One may want to fit a form, or a genre, which can be like a register of speech with its own limits on topics and length or utterance, formality of grammar, level of vocabulary. One may write to a particular audience so for that real or imagined person pitch a certain tone and point of view. To not hit the target someone else wants of being coherent and plain enough, exciting enough, or controlled enough is something of a judging fish by how well they climb trees criterion. What is the aim of this particular poet and poem?

Poems can present a summary of what the poet has worked out or present a mystery for the reader to be able to reasonably solve and get the impact from what details are chosen. A poem may seek to find a reader as confidante, or witness, or potential convert to perspective. It may aim to inform or entertain, or blurt an emotion for self-expression.

What’s the arc of the poem? Is it a box? Can you anticipate what will come? Do you avoid being able to be predicted? The opening is like a trailer. Does it reveal the whole gesture that then gets unpacked later? Do you aim for the same amount of compression?

Poems can progress steadily and then veer at the ending in an effect that works to deepen and widen, or fail and add a pat profound bow. They may aim for sustained hyperbole or understatement. Like body language or inflection, some throw it wide, some hold it tight and flat. No case is in itself a bad thing. It is a matter of who you talk to and whether you effectively communicate.
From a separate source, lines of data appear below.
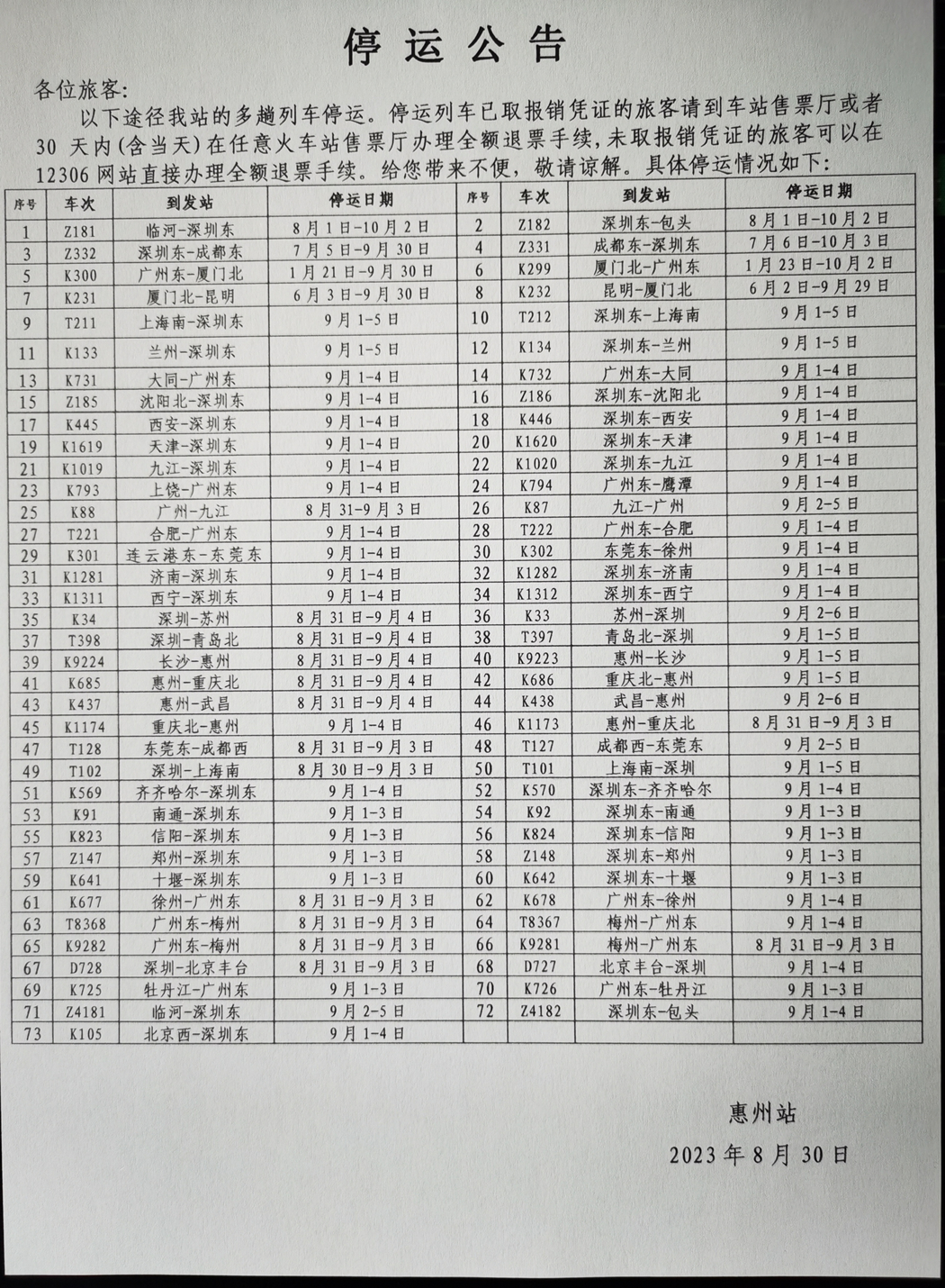 記者從惠州火車站獲悉,9月1日至3日,惠州火車站所有列車停運。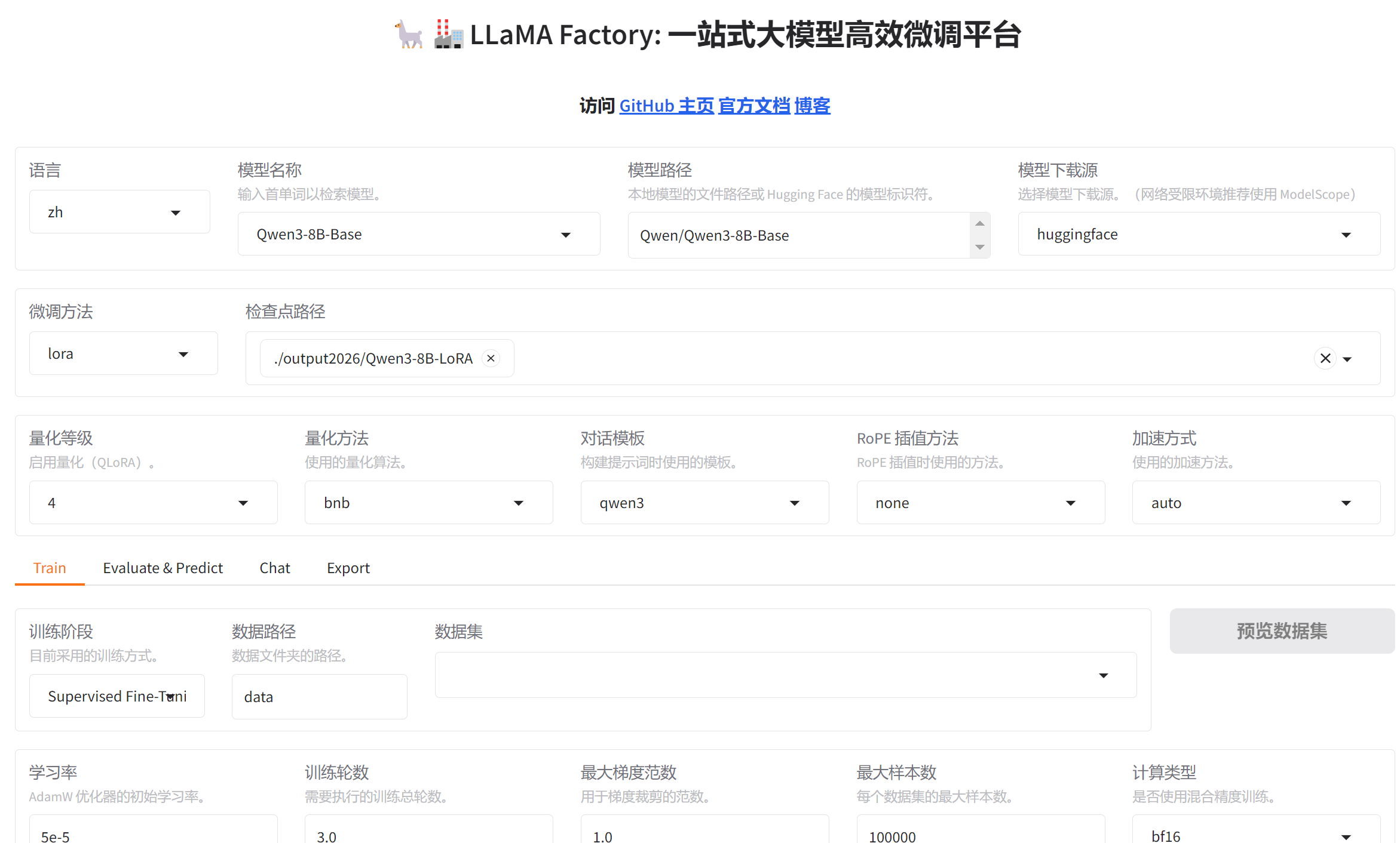 配置项 推荐值 说明 检查点路径 ./output/Qwen3-8B-LoRA可自定义输出路径 量化方法 bnb节省显存,适合消费级显卡 对话模板 qwen匹配 Qwen3 模型 RoPE 插值方法 none或dynamic若用长文本选 dynamic加速方式 auto自动适配硬件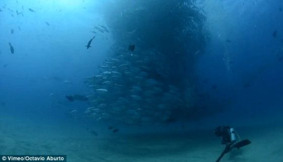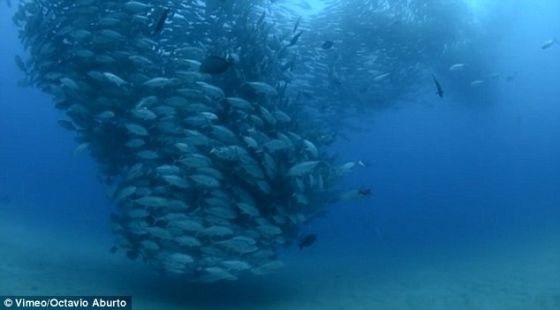 攝影師阿布爾托捕捉到他的朋友兼同是潛水者的卡斯特羅正謹慎靠近這個旋轉運動的巨大魚群。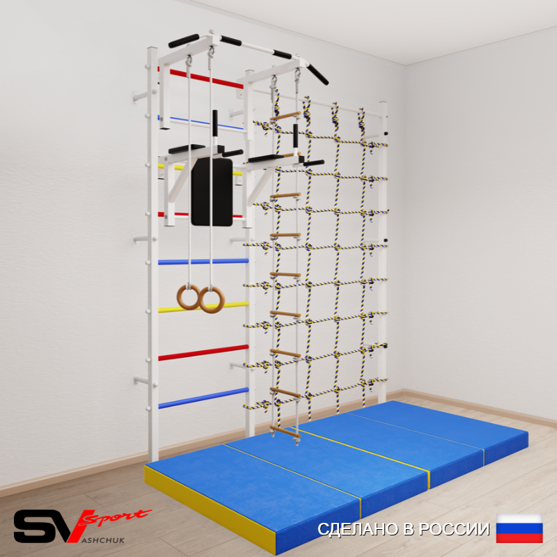 КОМПЛЕКТАЦИЯ: Шведская стенка Sv Sport (профиль вертикальных стоек 40 х 40 х 2 мм), Турник Sv Sport стандарт к ШС, Брусья Sv Sport к ШС, Kольца деревянные, Лестница веревочная, Спортивный мат 100 х 200 х 10 см складной, Канатный лаз.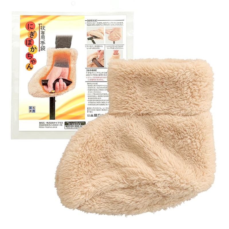 Nigipoka-chan Cyprus Gloves for Cane Cover Cold Protection, beige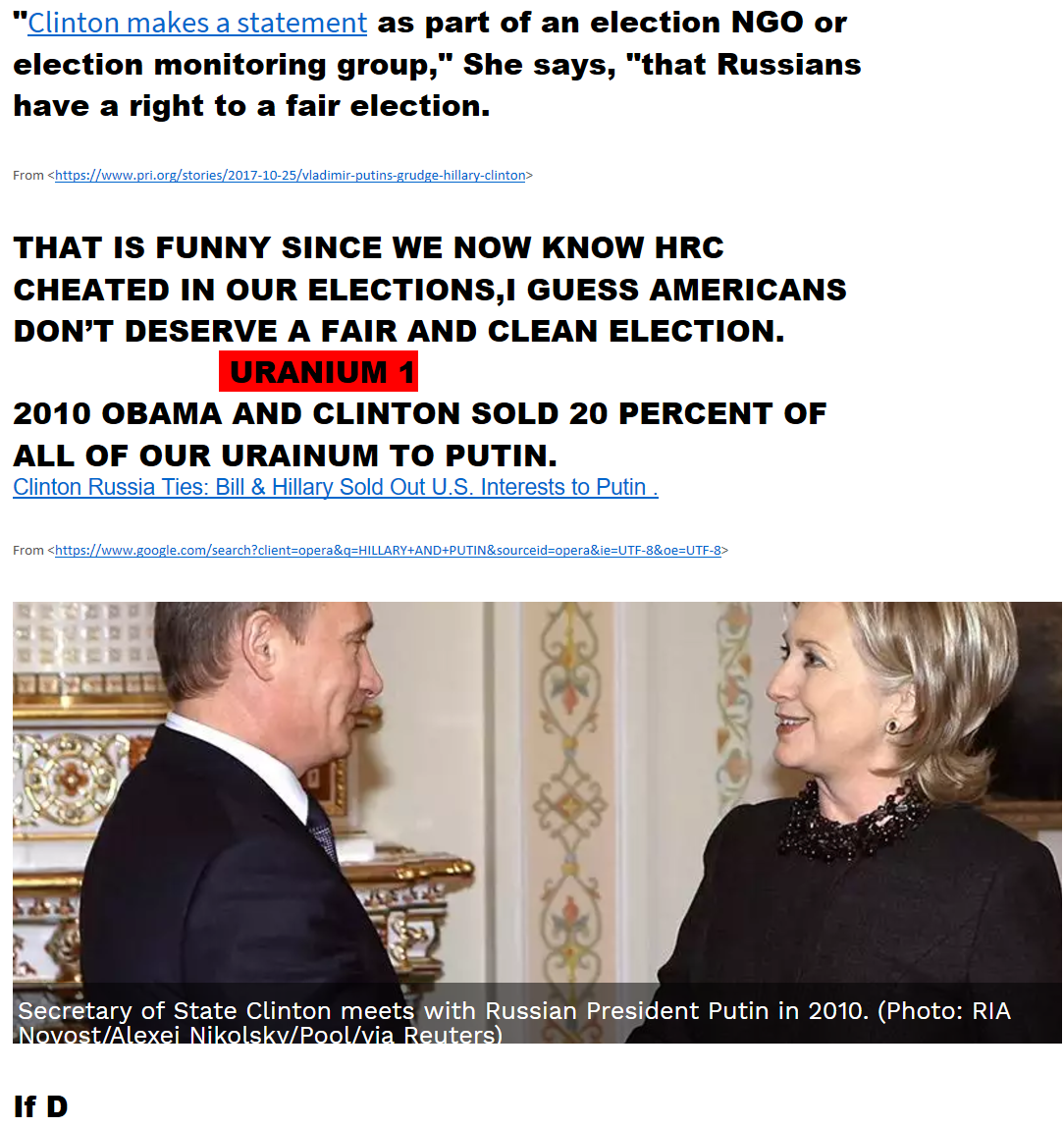 2010 OBAMA AND CLINTON SOLD 20 PERCENT OF ALL OF OUR URAINUM TO PUTIN.

In my writing notes to myself recent touchstone questions include: What do you not consider poem-worthy? What is constant as air? What do you work around automatically? What is visible to you and may not be to others? What matters? What doesn’t as subjects?

People often feel some things are poem-worthy and other things aren’t. Poems should be epic, is the idea. The emotions and ramp must be large. People want an aha moment, some gratifying profundity to make it poetry not prose. The same tension has run in haiku since Basho’s time at least. Or is one to report what is? Not just the propped up significance, the story but everything is worthy of attention and care.

John Lent in describing how rob mclennan’s poems work in Songs for little sleep talks about how you can get different gains by going with rules so that all things may be admitted so that “when it works, when it really opens things up—as in Kroetsch, Bowering, bissett, Moure, Cooley, Jake Kennedy, kevin mcpherson eckoff, Natalie Simpson—it can create a true ‘rush’ of making and re-making for the reader. It can be breathtaking.” He goes on to say that mclennan by,

allowing the ‘ordinary’ to present itself as a field of juxtapositions, loosely unified—but also to the second risk—allowing ‘play’ in diction and syntax to support other surprises in logic through unexpected association.